Records from a data source
----------------

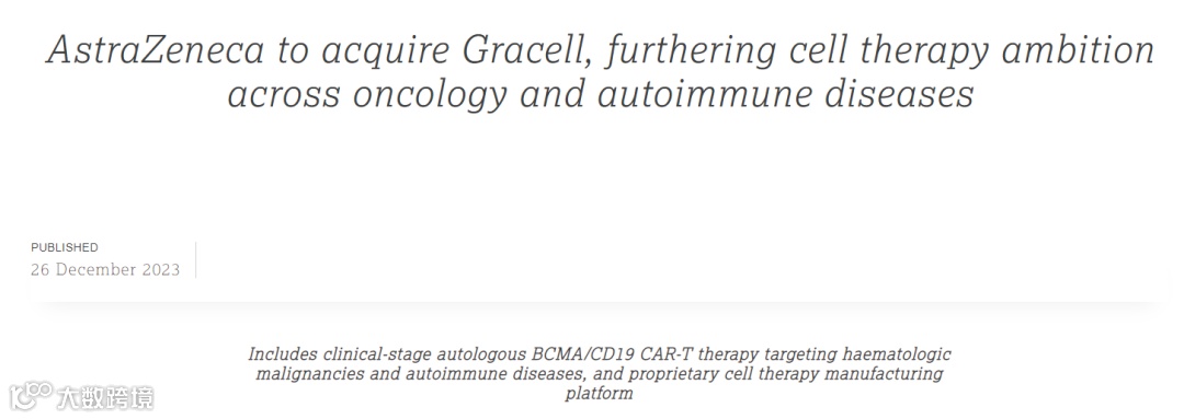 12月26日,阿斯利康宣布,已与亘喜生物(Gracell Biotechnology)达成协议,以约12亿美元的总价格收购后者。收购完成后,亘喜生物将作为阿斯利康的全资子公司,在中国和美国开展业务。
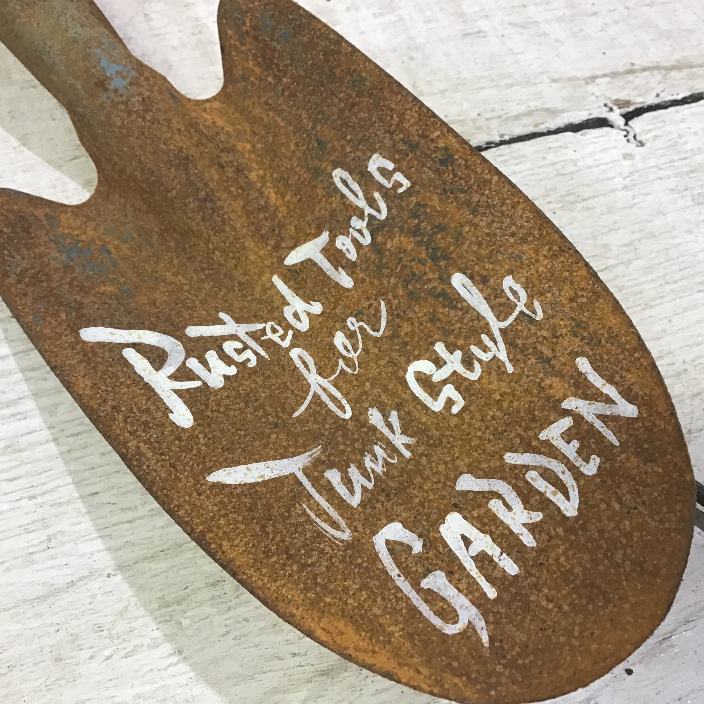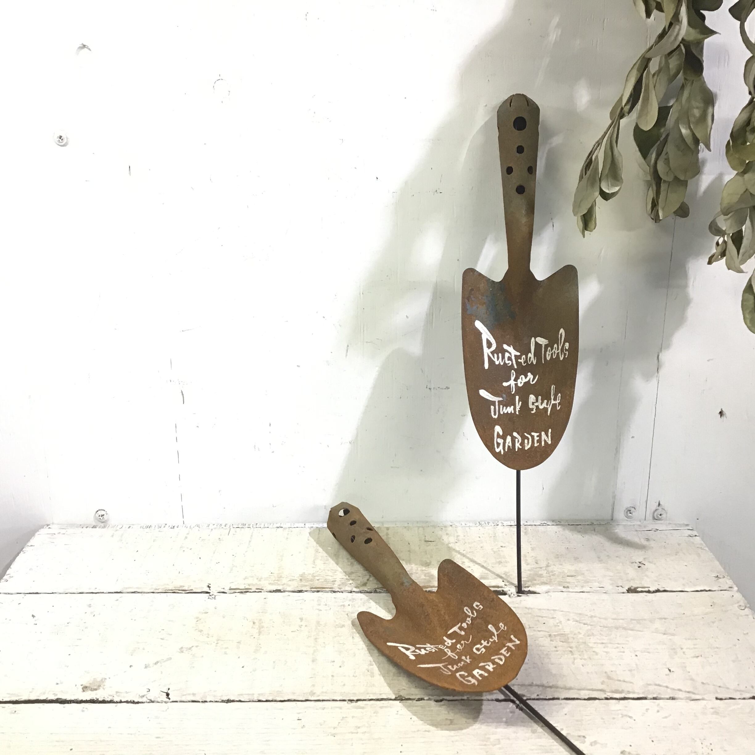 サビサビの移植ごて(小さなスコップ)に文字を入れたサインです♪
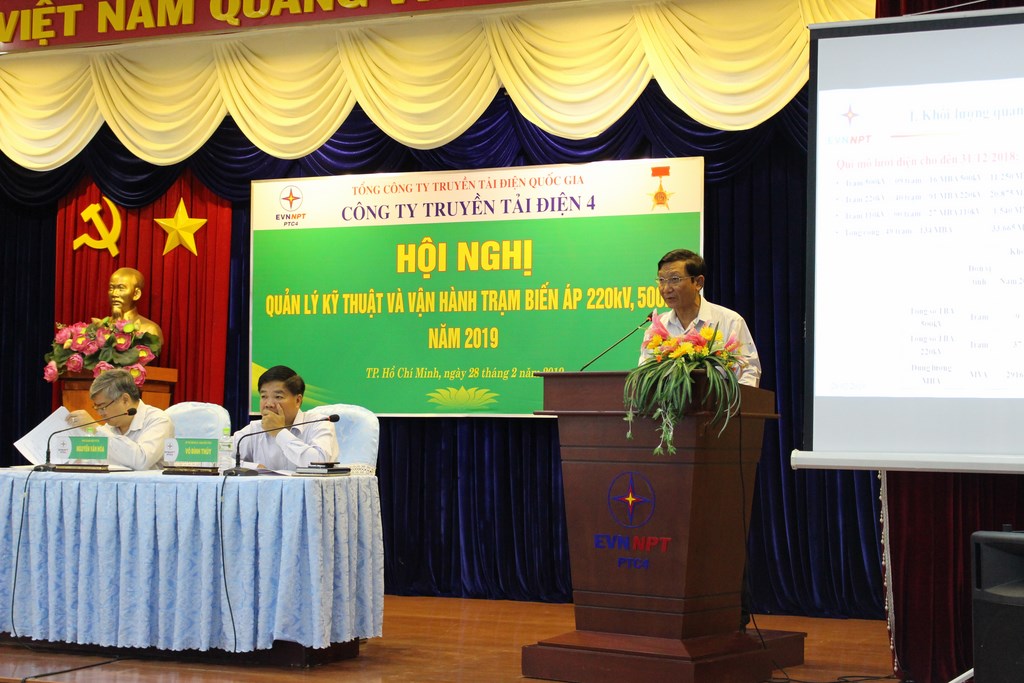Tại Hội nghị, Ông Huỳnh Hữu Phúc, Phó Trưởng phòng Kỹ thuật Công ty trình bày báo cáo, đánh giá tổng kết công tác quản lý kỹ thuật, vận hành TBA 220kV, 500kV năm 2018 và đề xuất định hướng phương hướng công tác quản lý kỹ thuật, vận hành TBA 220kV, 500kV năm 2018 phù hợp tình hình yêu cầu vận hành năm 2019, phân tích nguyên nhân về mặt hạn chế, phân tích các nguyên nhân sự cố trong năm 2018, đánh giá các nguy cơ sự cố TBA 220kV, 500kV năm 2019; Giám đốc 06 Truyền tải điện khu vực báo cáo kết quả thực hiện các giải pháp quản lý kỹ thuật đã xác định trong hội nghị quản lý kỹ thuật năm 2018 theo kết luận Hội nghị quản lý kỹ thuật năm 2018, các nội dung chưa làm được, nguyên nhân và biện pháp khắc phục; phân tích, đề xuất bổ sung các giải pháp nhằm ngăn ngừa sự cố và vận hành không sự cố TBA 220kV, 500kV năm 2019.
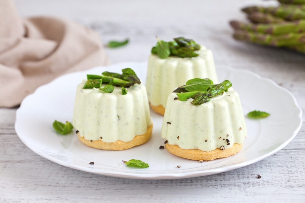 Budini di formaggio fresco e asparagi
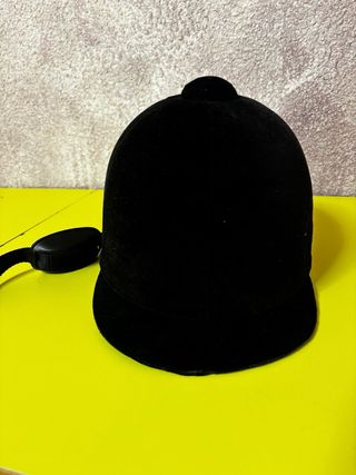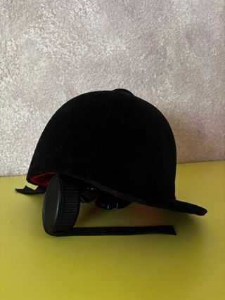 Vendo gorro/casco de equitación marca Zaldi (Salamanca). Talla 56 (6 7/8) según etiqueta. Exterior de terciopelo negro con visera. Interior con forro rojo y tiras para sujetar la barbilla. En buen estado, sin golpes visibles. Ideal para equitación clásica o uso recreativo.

----------------

What this task involves => Repeat the records above exactly, from the first line through the line that contains "サビサビの移植ごて(小さなスコップ)に文字を入れたサインです♪", and leave out the pictures.

Response =>
 12月26日,阿斯利康宣布,已与亘喜生物(Gracell Biotechnology)达成协议,以约12亿美元的总价格收购后者。收购完成后,亘喜生物将作为阿斯利康的全资子公司,在中国和美国开展业务。
 サビサビの移植ごて(小さなスコップ)に文字を入れたサインです♪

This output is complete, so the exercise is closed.